To the bariatric-surgery program, the team added in July 2007 a Behavioral Weight Loss Program under the CWMP umbrella. This program is for those patients with a BMI higher than 25 who either don’t need or don’t want weight-loss surgery. The goal is to lose 5 to 10 percent of body weight at a rate of 1 to 2 pounds per week.

The program begins with a brief medical visit to rule out medical causes and review medical complications related to the patient’s obesity. A brief medical follow-up also comes at the end.

In between, the patient attends 12 weekly classes employing The LEARN® Program by psychologist Kelly Brownell, director of the Rudd Center for Food Policy and Obesity at Yale University. At $520 out-of-pocket for patients, the lifestyle-focused program is the same as a patient would use in similar programs at places like Mayo Clinic or Duke University, said UMC psychologist Karen Grothe, PhD, associate director of the program.

“We focus on making lots of small changes that they’re able to maintain over the long term,” Grothe said. “Most people can lose weight; it’s keeping it off that’s the hard thing.”

To help patients maintain their weight after the program ends, they hold on to the manual that comes with it. They are also allowed to come back and attend one class per month indefinitely, to provide greater accountability.

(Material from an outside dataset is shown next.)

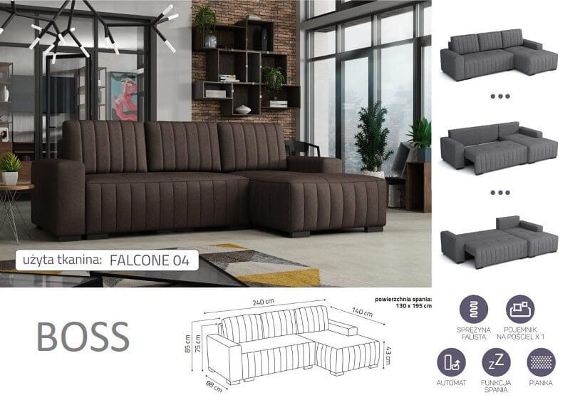 Rozkładany narożnik z funkcją spania BOSS.

As a next stage, the program is set to add a meal-replacement component through Health Management Resources™ in early 2008. A step up from the basic behavioral program, it also includes weekly classes and is designed for those who need to lose 10 to 20 percent of their body weight.

“It’s more costly, but for some people, the controlled portions and caloric intake are just what they need to take it to the next step,” Grothe said. “We’ll also have an option for people who just want to buy a case of the shakes for breakfast, or want entrées to take to work.”

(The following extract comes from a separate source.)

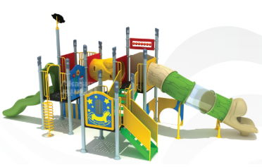 مجموعة لعب ذات تصميم مرتفع نسبيًا تحتوي على وحدات متعددة للعب، مناسبة للأطفال الذين يبحثون عن مزيد من الحركة والصعود.

While the cost will depend on what people are ordering, a patient could do it for around $90 to $100 per week, Grothe said, in addition to filling in with a few fresh fruits and vegetables.

In the second half of 2007, some 10 to 20 people completed the behavioral program — many of them UMC employees and their families, who receive a discount. The program hasn’t yet been widely marketed, but informational sessions offered twice a month have drawn 100 people or more.

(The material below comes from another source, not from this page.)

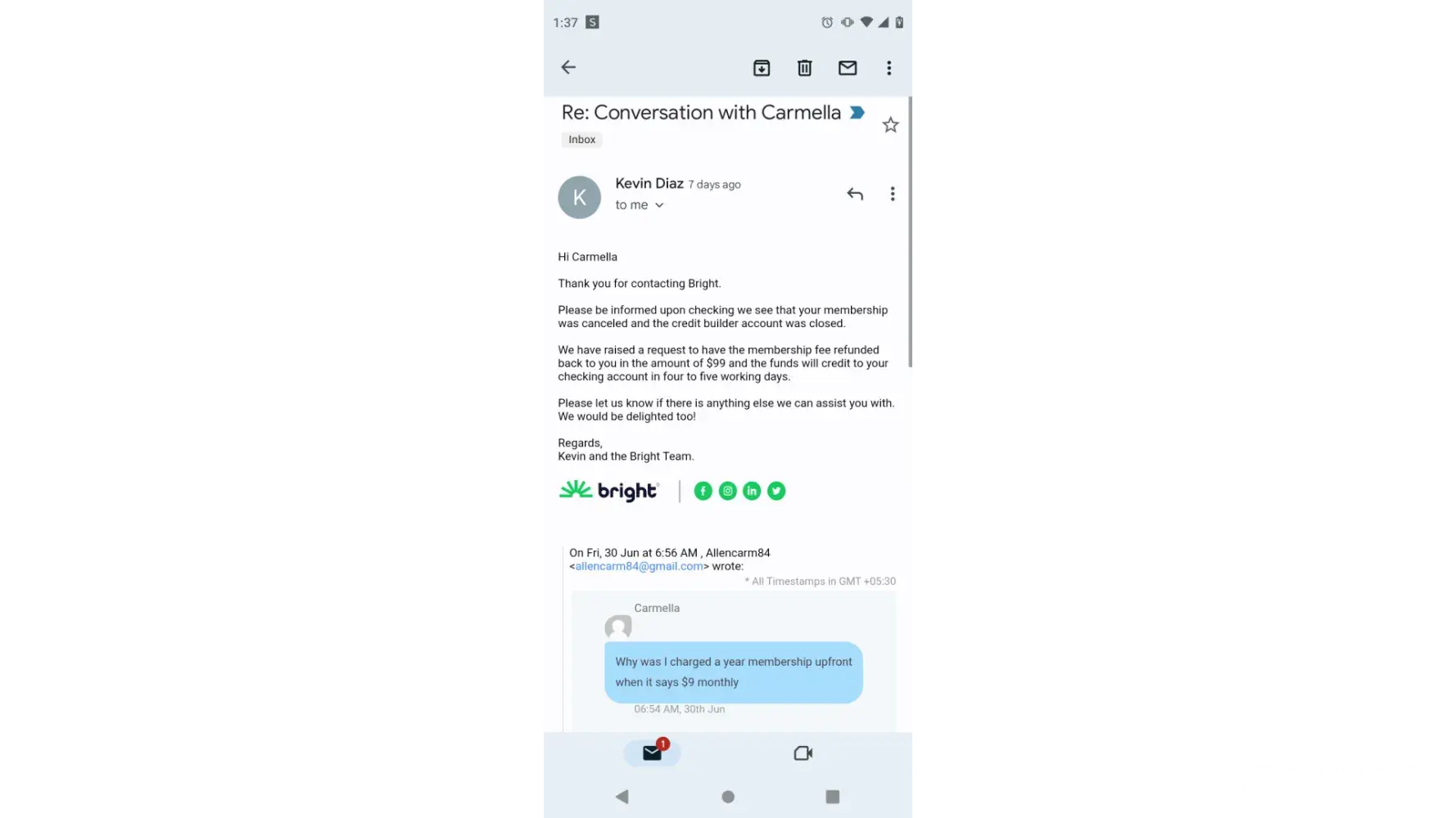 Bright Money is a scam..They deducted a unauthorized membership fee from my bank account..When i tried to contact them about the transaction. No one has contacted me back. It's been 4 days. When i notified my bank about the transaction my bank immediately closed my account and will not open another account for 45 days. So now the money i had in my account is frozen. So now I'm forced to open a new account with a new bank. Had to contact accounting at my company to setup a new direct deposit with a new bank. Bright Money has been nothing but a nightmare. No 24/7 assistant exists like they say they have! Nothing line that at all..Very shady company. I would not recommend letting them have any type of access routing numbers, account numbers to your bank accounts at all. The App didn't help me it hurt me and put me in a terrible position. And with no way to contact them. All tou get when trying to contact them is a bot. That's it.. no human contact what so ever.

“The biggest problem is patient expectations,” Grothe said. “They see the late-night commercials and think they can lose 20 pounds in a week.”

The informational sessions are offered at noon on the second Wednesday of the month, and at 5 p.m. on the fourth Wednesday of the month, both in the UMC Pavilion.

The program takes self-referrals as long as the patient already has a primary-care physician and is meant as a complement to that relationship.

“We’re not assuming care of patients and not trying to monopolize their care,” Low said. “We’re offering them a piece of service they may not able to do on their own.”

For an additional $100 fee, patients can set an appointment for an exercise evaluation, wherein a physical therapist takes time to evaluate their needs and go over types of exercise equipment.

In the coming years, the UMC team is looking forward to being involved in clinical trials as more weight-management drugs emerge.

It has also piloted an Executive Weight Management Program modeled after one at the Mayo Clinic. Under it, at a higher cost, patients see only terminal-degree providers on a one-on-one basis rather that in a group.

Instead of 12 in-person visits, the patient can opt for a minimum of six in-person visits and six more via teleconference. The design is aimed at patients who prefer not to be in a group-based setting, either because of their status in the community or because it’s not feasible with their schedule.

In the long term, the team hopes to develop models for replicating its program in other parts of the state.

In addition to Low and Grothe, the team also includes Dr. Ken Vick (surgery); Emmy Parkes, RD, MS, and Jacinda Roach, PhD (nutrition); nurse practitioner Debra Taylor; registered nurses Carole Ward and Lori Forbes; Katie McClendon, PharmD; Judy O’Jiles, PhD (psychology); and Paige Weathersby, OT/PT.